I ran into someone I know recently who is more recently into this journey. She went through surgery and treatment in the thick of COVID19. I think that must have been hard…and lonely. My friends went with me to radiation. COVID19 took that away from cancer patients. But the good news is she was given her treatment by the radiation oncologist who was also mine, Dr. Marisa Weiss.

So this woman and I talked. And talked. I get where she is, and the feeling of sheer madness I remember experiencing because of all of the questions and sheer emotions. She asked me if I was ever afraid of a reoccurrence. I have written about it that. Sometimes I still have these little thoughts that wrinkle across my brain. Especially now because I have been off Tamoxifen since September, but I was on it for 10 years. And then you just stop taking it. So then it’s a little like walking a tightrope without a net, and it is hard to realize/accept you don’t need that particular net anymore.

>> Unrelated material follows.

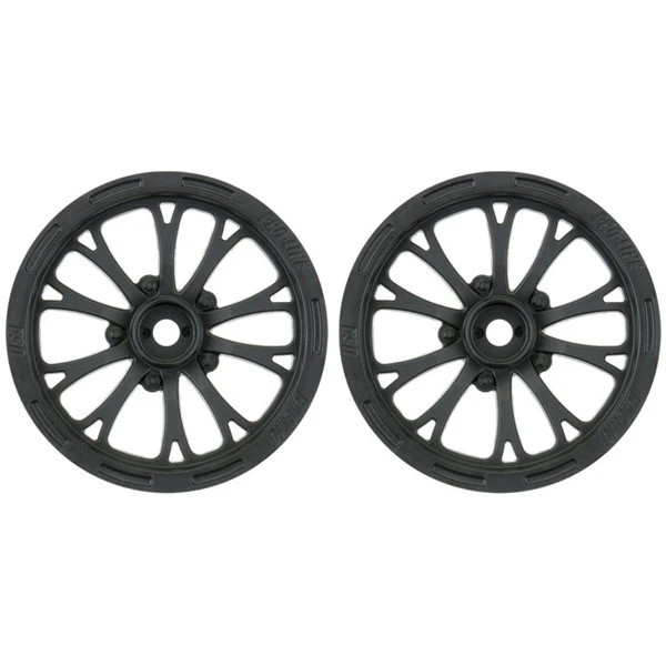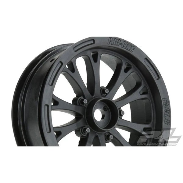 Do you need high-performance and perfectly styled drag wheels for your no-prep SC drag car? Pro-Line has you covered with the all-new Pomona Drag Spec 2.2″ Black front Wheels! The Pomona wheels were specifically made for no-prep Drag racing and are a perfect fit with Pro-Line’s Hoosier Drag 2.2″ Front Tires! The Pomona wheels are strong and lightweight 12mm hex wheels making them the ideal choice for performance drag racing. The wheel spoke design mimics what you would find at the Pomona Drag Strip on any given race weekend and will complete the look of your build. The Pomona wheel offset is ideal for 2wd Slash trucks converted to no-prep Drag Racing cars, which has exploded in popularity. The Pomona Drag Spec wheel and every other wheel that Pro-Line makes is proudly Made in the USA. Launch your no-prep Dragster to the next level with the Pro-Line Pomona Drag Spec Wheels today!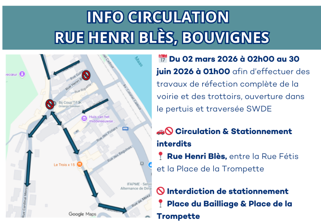 🚧 TRAVAUX - Rue Henri Blès - Du 02 mars 2026 au 30 juin 2026

And some days I wonder what the future holds. I don’t have a crystal ball. BUT I have to NOT forget my paternal grandmother who was the oldest survivor of breast cancer I have ever known. She had breast cancer at a time when there was no treatment. There was surgery, yes, but that was it. And she lived into her 90s, and it was NOT breast cancer that wrote the final chapter of her life.

I also have a life long dear friend who lives with another metastatic cancer. She’s doing her immunotherapy infusions like a trooper. She got a literal Christmas miracle this week when she received the news that her current treatment was definitively working. The nodules that would not move have shrunk so much they have disappeared!

And we have survived COVID19 thus far. Cancer and treatment and meds no matter what stage of disease/treatment/life after means we are instantly immunocompromised . That news combined with a virus like that is no joke. So those who do not wish to get a shot can spare me their reasoning because they put everyone else at risk. Please get a shot and if someone asks you to wear a mask, it’s not such a big deal .

Readers, we have no guarantees in life with or without breast cancer. We can only do our best and believe.

Have a magical Christmas wherever you are.